Public Alert 017/2018 – Alert On Withdrawal Of Medicines With Modified Or Prolonged Release Paracetamol By Portugal Internal Health Authority
The National Agency for Food and Drug Administration and Control (NAFDAC) has been informed that the Portuguese Authority for Medicines (INFARMED) on the 9th march, 2018 announced the suspension and withdrawal of medicines containing modified or prolonged-release paracetamol, following a safety assessment conducted by the European Medicines Agency (EMA) which concluded that these medicines carry more risks than their supposed benefits to the patients.
Modified-release and prolonged-release paracetamol medications are designed to release paracetamol slowly over a longer period of time into the blood stream while having the advantage of being taken at less frequent intervals than the immediate release products.

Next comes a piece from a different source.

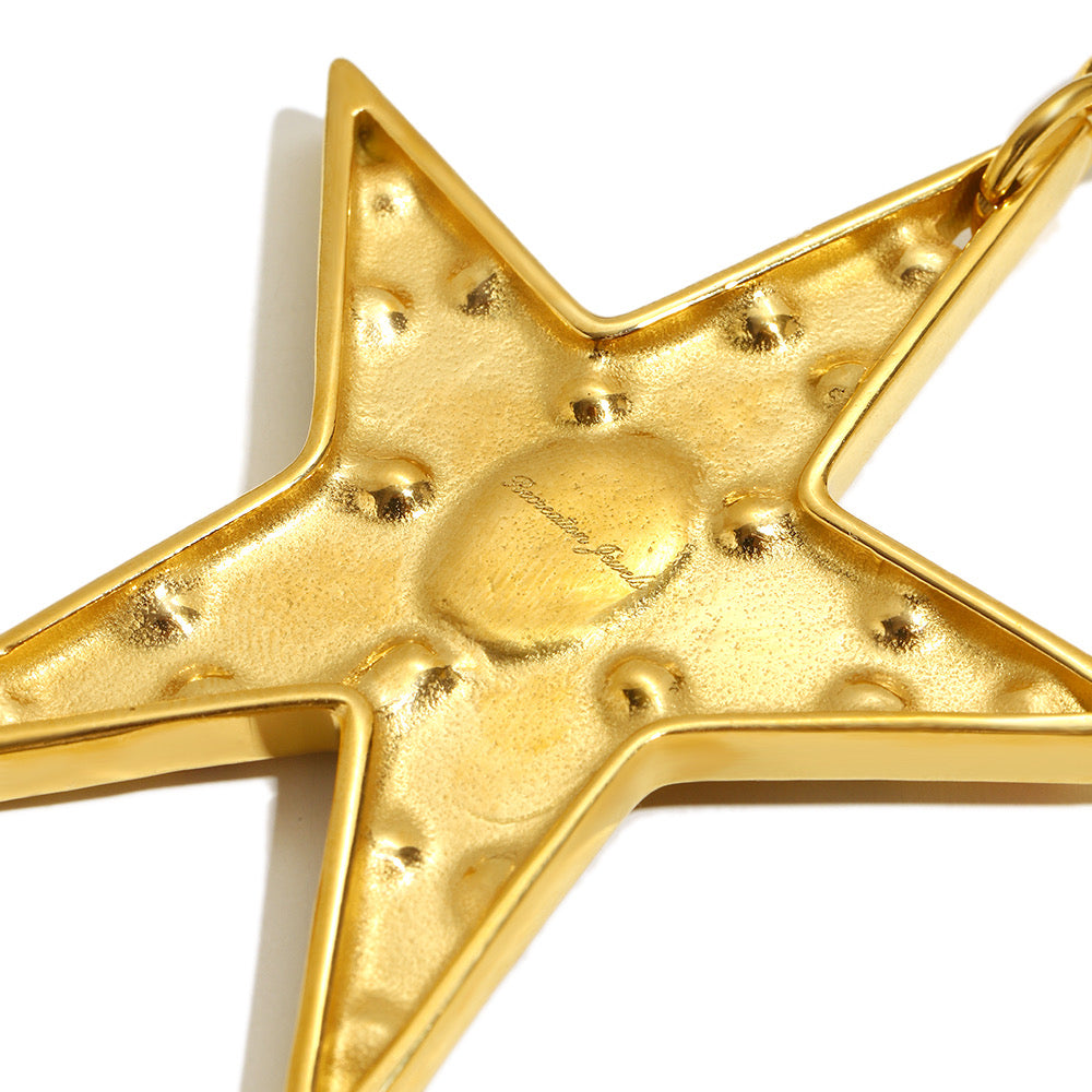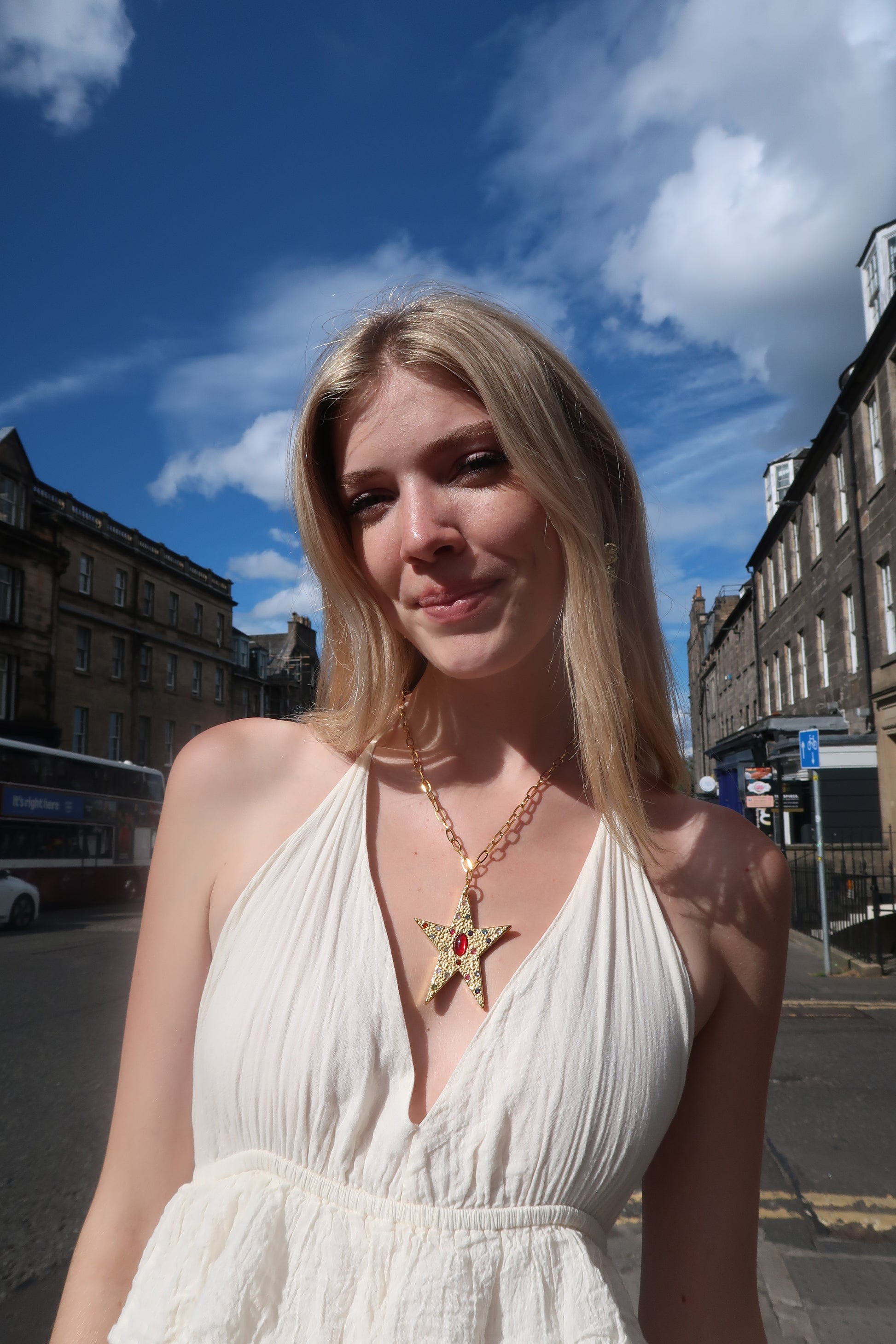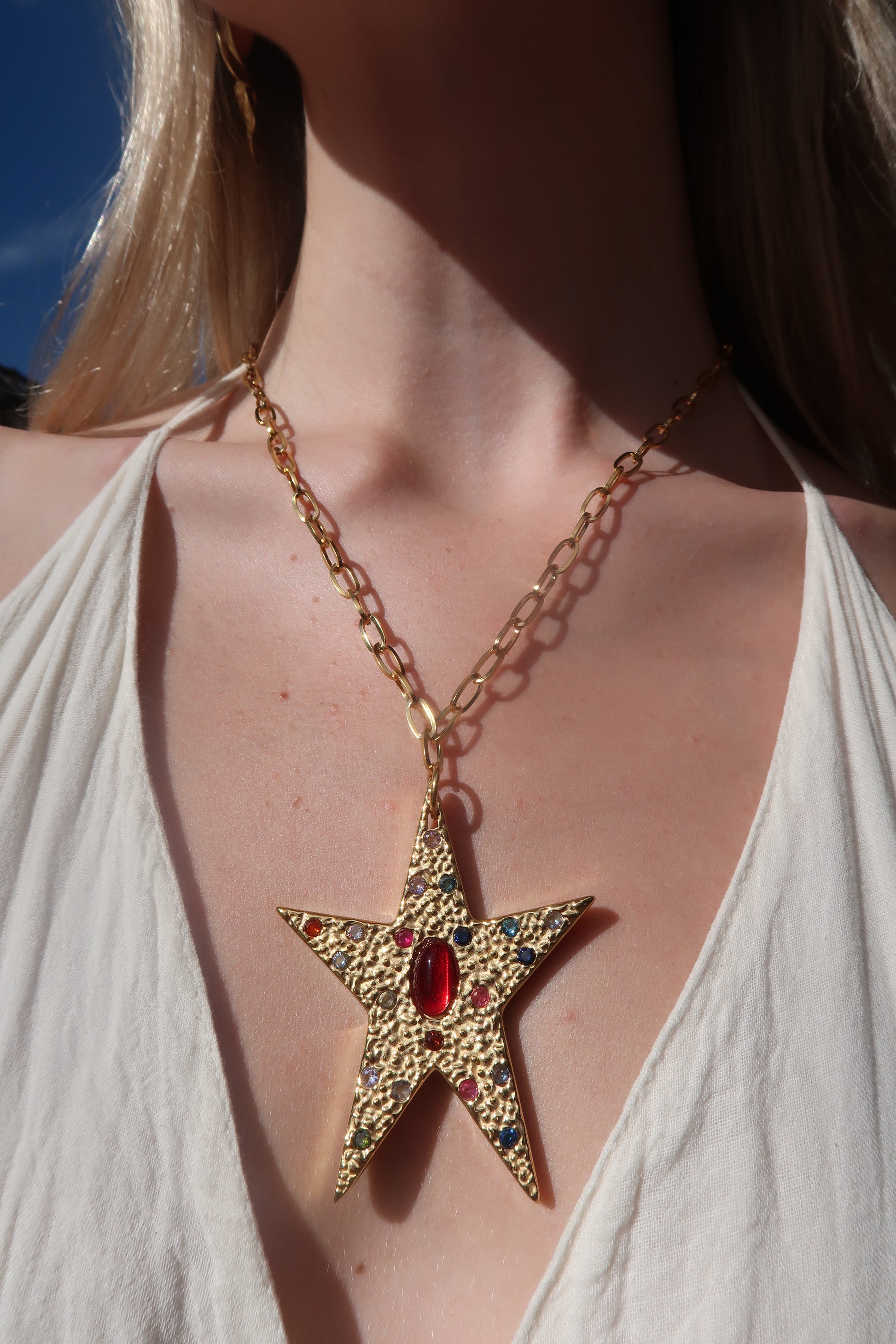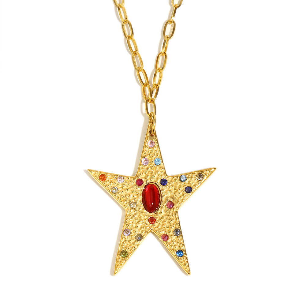 Amara’s star pendant is a large star shaped pendant necklace with a bright red gemstone at the center and multicoloured gemstone accents surrounding it. This is perfect as a statement piece or to wear in a maximalist stack.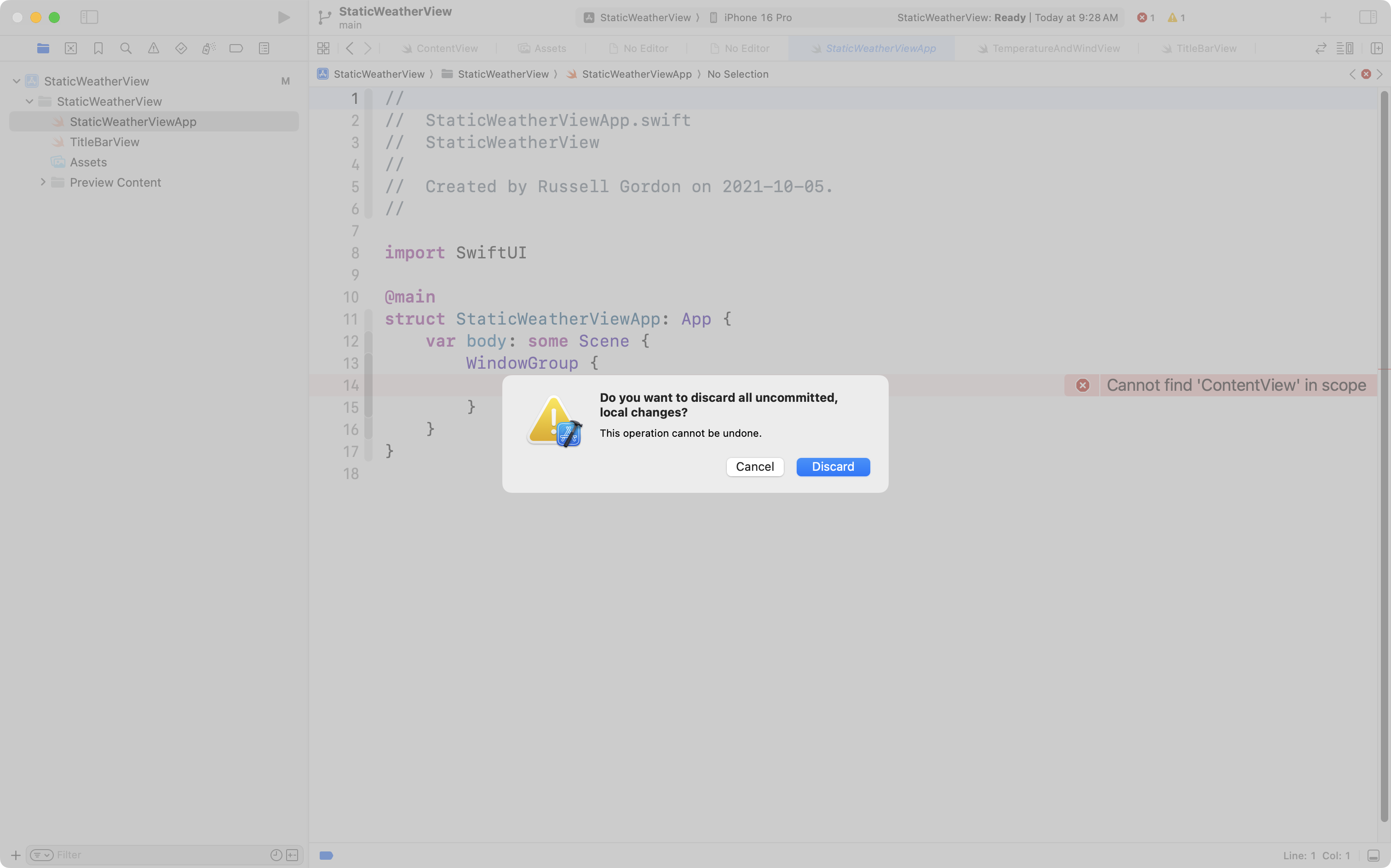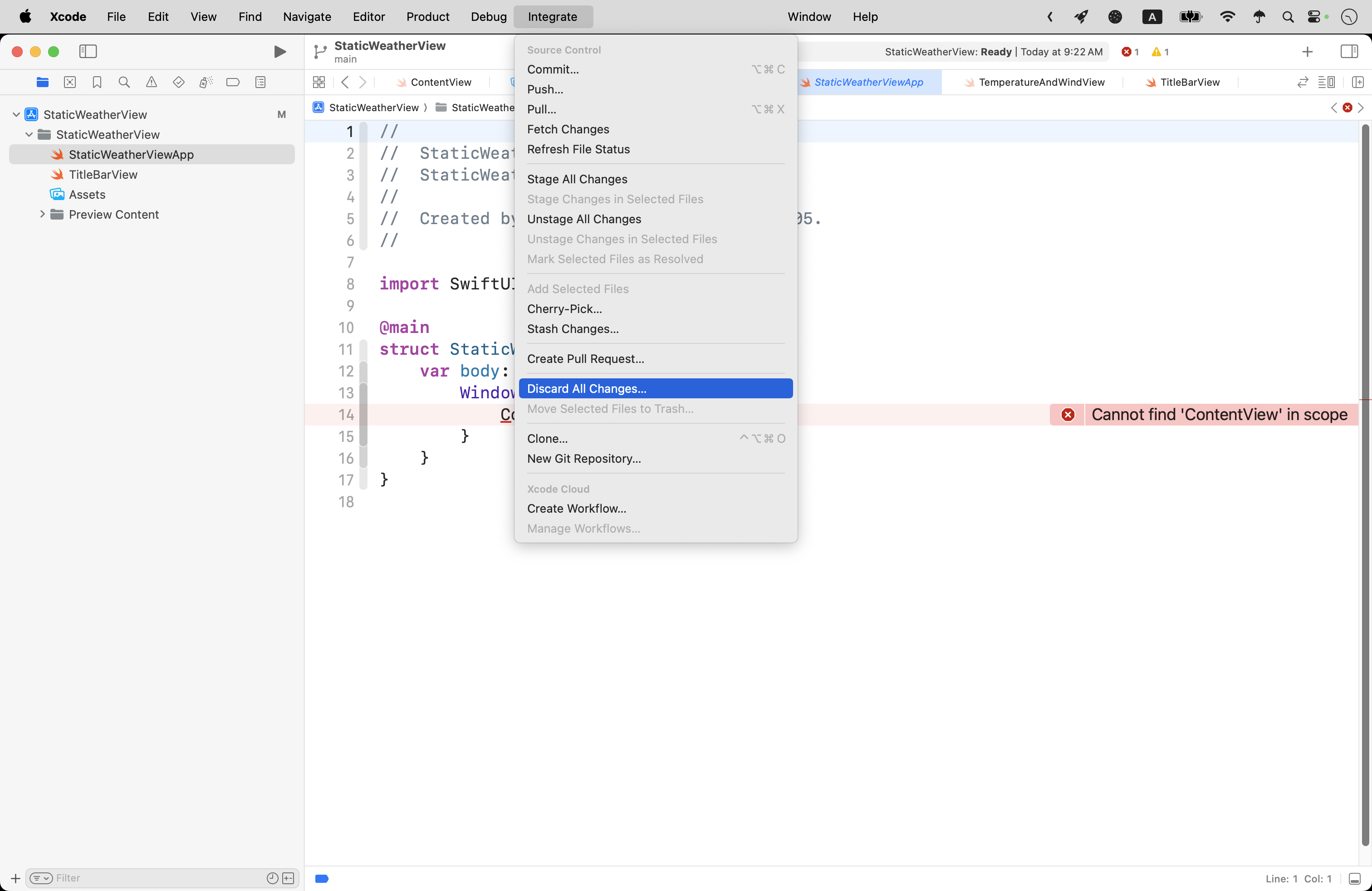 We can revert our project back to the state it was in at the point of our most recent commit by choosing, from the menus in Xcode, Integrate > Discard All Changes…:

The details of the drugs containing paracetamol that are affected by the suspension/withdrawal are as follows:-
- Panadol Prolong 665mg
- Diliband Retard 75mg + 650mg
- Tramadol + Paracetamol KrKa 75mg + 650mg
- Tramadol + Paracetamol Verum Pharma LP 75mg + 650mg
NAFDAC implores members of the public to avoid sale and use of these products if in their possession and submit to the nearest NAFDAC office.
Consumers are encouraged to report all adverse events resulting from the use of these products to the nearest NAFDAC office, NAFDAC PRASCOR (20543 TOLL FREE from all networks) or via Pharmacovigilance@nafdac.gov.ng
NAFDAC…………..Safeguarding the health of the nation!!!